> [DESCRIPTION OF THE TASK]: Reproduce the entries in full and exactly. Pictures stay out.

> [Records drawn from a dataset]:

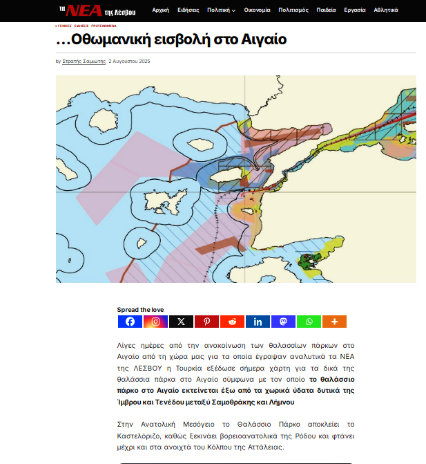 Yeni Midilli Gazetesi, haberinde , "Ülkemizin Ege'deki deniz parklarını duyurmasından birkaç gün sonra, Türkiye, bugün Ege'deki kendi deniz parkları haritasını yayınladı. Haritaya göre, Ege'deki deniz parkı, İmroz ve Bozcaada'nın batısındaki karasularının dışında, Semadirek ve Limni arasında uzanıyor. "dendi
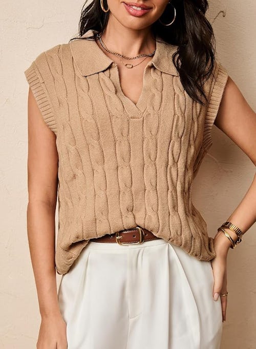 A Cableknit Sweater Vest For Preppy ‘90s Vibes
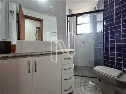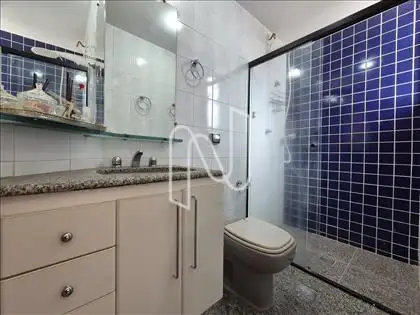 • Banheiros com bancadas em granito, armários sob bancada e box em vidro temperado
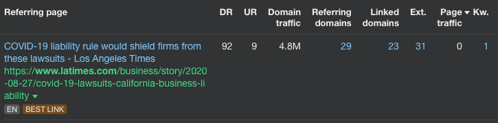 It has an EXTREMELY high domain rating (which represents the ranking power of the domain) of 92, which definitely boosted the client’s authority significantly.
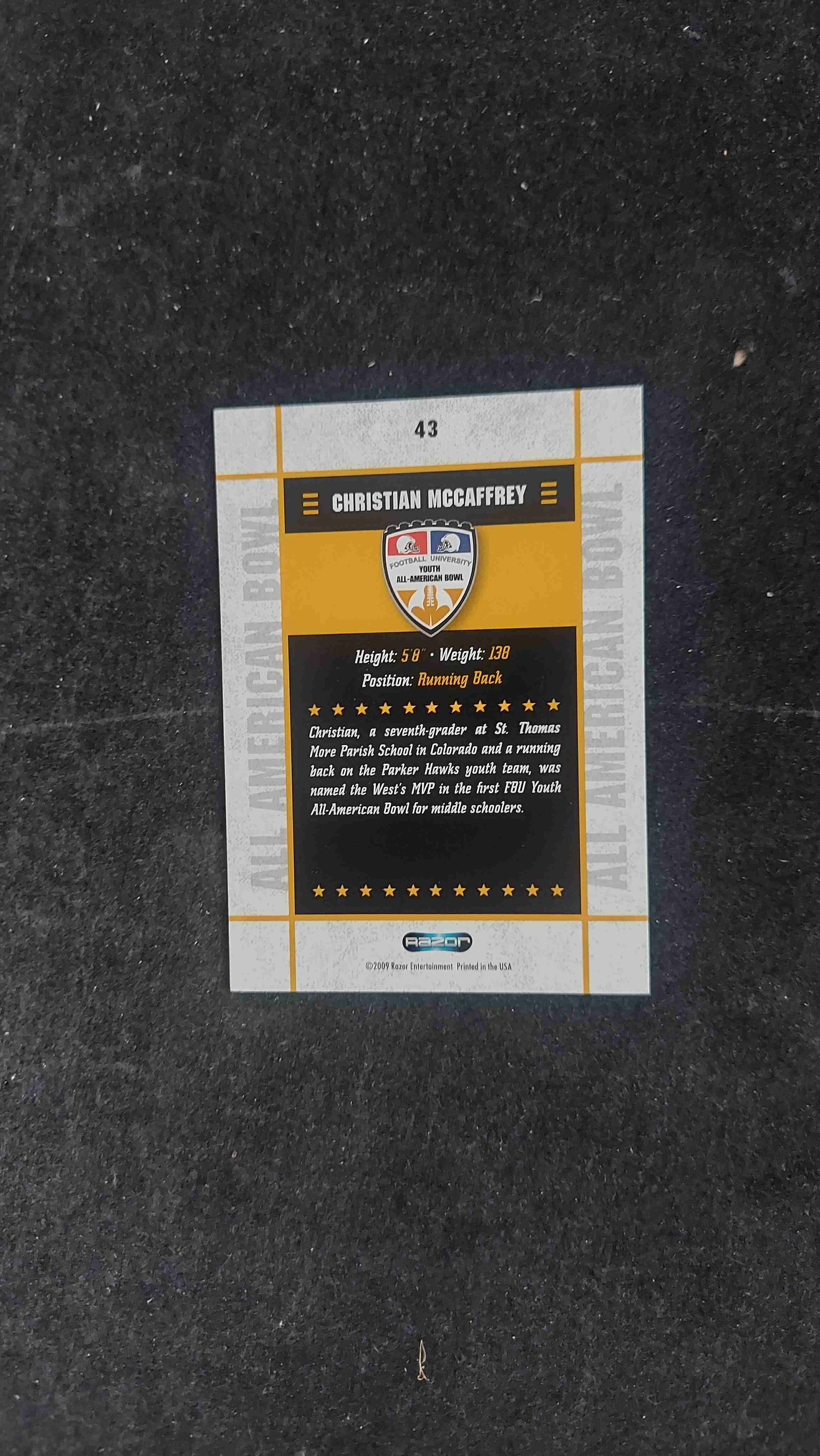 Christian McCaffrey 2009 razor all American bowl card middl
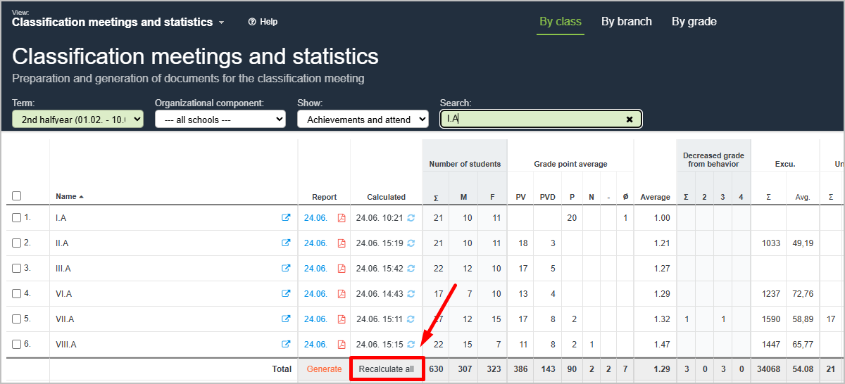 The administrator can recalculate statistics for all classes at once by clicking the Recalculate All button located below the list of classes.
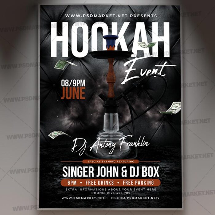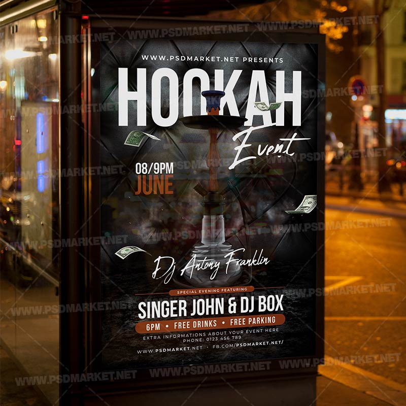 Hookah PSD Template Flyer is a simply modern flyer design by PSDmarket Team to be used with Adobe Photoshop CS3 and higher. Save your time and use it for business or for your clients! This can be use for for Hookah Event, Hookah Friday, Hookah Night, Hookah Night Event, Hookah Party Day, Hookah Celebration, Hookah Party Night, Hookah Party or Hookah Club Night and others.

> [RESULT]:
 Yeni Midilli Gazetesi, haberinde , "Ülkemizin Ege'deki deniz parklarını duyurmasından birkaç gün sonra, Türkiye, bugün Ege'deki kendi deniz parkları haritasını yayınladı. Haritaya göre, Ege'deki deniz parkı, İmroz ve Bozcaada'nın batısındaki karasularının dışında, Semadirek ve Limni arasında uzanıyor. "dendi
 A Cableknit Sweater Vest For Preppy ‘90s Vibes
 • Banheiros com bancadas em granito, armários sob bancada e box em vidro temperado
 It has an EXTREMELY high domain rating (which represents the ranking power of the domain) of 92, which definitely boosted the client’s authority significantly.
 Christian McCaffrey 2009 razor all American bowl card middl
 The administrator can recalculate statistics for all classes at once by clicking the Recalculate All button located below the list of classes.
 Hookah PSD Template Flyer is a simply modern flyer design by PSDmarket Team to be used with Adobe Photoshop CS3 and higher. Save your time and use it for business or for your clients! This can be use for for Hookah Event, Hookah Friday, Hookah Night, Hookah Night Event, Hookah Party Day, Hookah Celebration, Hookah Party Night, Hookah Party or Hookah Club Night and others.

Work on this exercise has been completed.